Mme Monique de Marco. Imaginez un instant que, par un rebondissement historique, des personnalités de sensibilité écologiste prennent le pouvoir dans les groupes audiovisuels privés,…
M. Laurent Lafon, président de la commission de la culture. C'est déjà le cas ! (Sourires.)
Mme Monique de Marco. … que ces dirigeants et dirigeantes partagent des dîners avec Marine Tondelier, devenue cheffe de l'État.
Imaginez que, dans le même temps, l'audiovisuel public soit devenu le bastion de la pensée conservatrice. Imaginez que Pascal Praud soit devenu le directeur des antennes de France Inter ! (Rires.)
Mme Laurence Rossignol. Ils adoreraient !
Mme Monique de Marco. Dans de telles circonstances, voteriez-vous un texte qui concentre dans les mains d'une seule personne les moyens de l'ensemble de l'audiovisuel public, ce texte qui accélère aussi, dans sa seconde partie, des opérations de concentration médiatique dans le privé ? En d'autres termes, cette proposition de loi est-elle autre chose qu'un texte de circonstance ?
Les clés de l'indépendance de l'audiovisuel public reposent sur deux piliers : l'indépendance politique, par une gouvernance plurielle, et l'indépendance financière, par un financement autonome stable à la hauteur des besoins. Nous n'avons ni l'un ni l'autre. (Applaudissements sur les travées du groupe GEST. – M. Pierre Ouzoulias et Mme Laurence Rossignol applaudissent également.)
M. le président. La parole est à Mme Sylvie Robert. (Applaudissements sur les travées du groupe SER. – M. Pierre Ouzoulias applaudit également.)
Mme Sylvie Robert. Monsieur le président, madame la ministre, mes chers collègues, renforcement des moyens de l'audiovisuel public, aggiornamento de son modèle économique, place de l'audiovisuel public dans la lutte contre la désinformation et les ingérences étrangères – fléau informationnel du XXIe siècle –, distribution et diffusion à l'ère des plateformes – un sujet fondamental, comme en témoigne le récent accord entre France Télévisions et Prime Video –, révolution du podcast, nouveaux usages de la radio, rôle moteur de l'audiovisuel public en matière de pluralisme dans une société chaque jour plus polarisée, mission de service public toujours plus indispensable dans un paysage médiatique en pleine mutation : autant de questions cruciales que cette réforme élude totalement, alors qu'elles sont au cœur de toute ambition pour l'audiovisuel public.

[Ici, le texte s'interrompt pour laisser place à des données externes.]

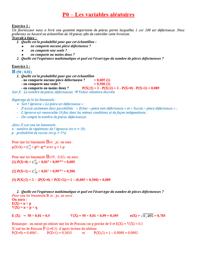Remarque : on aurait pu utiliser une loi de Poisson car p proche de 0 et E(X) ≈ V(X) ≈ 0,5

À l'inverse, nous nous retrouvons à nous focaliser sur une discussion d'abord organisationnelle, à savoir sa gouvernance. Est-ce à dire qu'il ne faut pas en débattre ? Certainement pas. Est-ce à dire que la gouvernance doit être le prérequis et les prémisses de toute réflexion collective sur l'audiovisuel public ? Certainement pas.
« Le statu quo n'est plus possible » : voilà le nouveau slogan martelé par les partisans de ce texte, qui a pris le relais du fameux « BBC à la française ». Mais personne sur ces travées ne prône l'immobilisme, monsieur le rapporteur. Mes chers collègues, ne confondez pas tout : refuser cette réforme, c'est refuser un recul maquillé en modernisation.
Ainsi, notre opposition à cette proposition de loi tient au décalage entre ce qu'elle prétend être et ce qu'elle entraînera : en l'occurrence, un affaiblissement durable de l'audiovisuel public.
Pour commencer, je m'attarderai assez peu sur la méthode, que j'ai dénoncée maintes fois. Réformer la gouvernance ne peut pas se faire sans véritable concertation avec les professionnels ni étude d'impact. C'est une condition sine qua non pour rendre tout projet de transformation acceptable.
Or l'étude d'impact transmise par l'exécutif n'en est pas une. Au mieux se révèle-t-elle comme un vaste exposé des motifs. En tout cas, ce document finit par perdre toute crédibilité quand il est affirmé de manière péremptoire que créer une holding, mes chers collègues, ne coûtera rien ! C'est un point majeur qui, d'ailleurs, a été démenti, y compris dans le rapport pourtant pro domo de Laurence Bloch.
Ensuite, sur le fond, cette holding exécutive est un cheval de Troie. Elle est l'étape intermédiaire vers la fusion de l'audiovisuel public, objectif avoué à demi-mot. Souvenez-vous qu'à l'Assemblée nationale, le Gouvernement avait enfin abattu ses cartes avant de rétropédaler, faute de majorité.
Par-delà le contenu de cette proposition de loi, avec lequel nous sommes en profond désaccord, le mouvement qu'elle initie est particulièrement dangereux. Sous l'argument spécieux « en vous rassemblant, vous serez plus forts » se cache une double fragilisation de l'audiovisuel public : sur le volet budgétaire, d'une part, et sur celui de l'indépendance, d'autre part.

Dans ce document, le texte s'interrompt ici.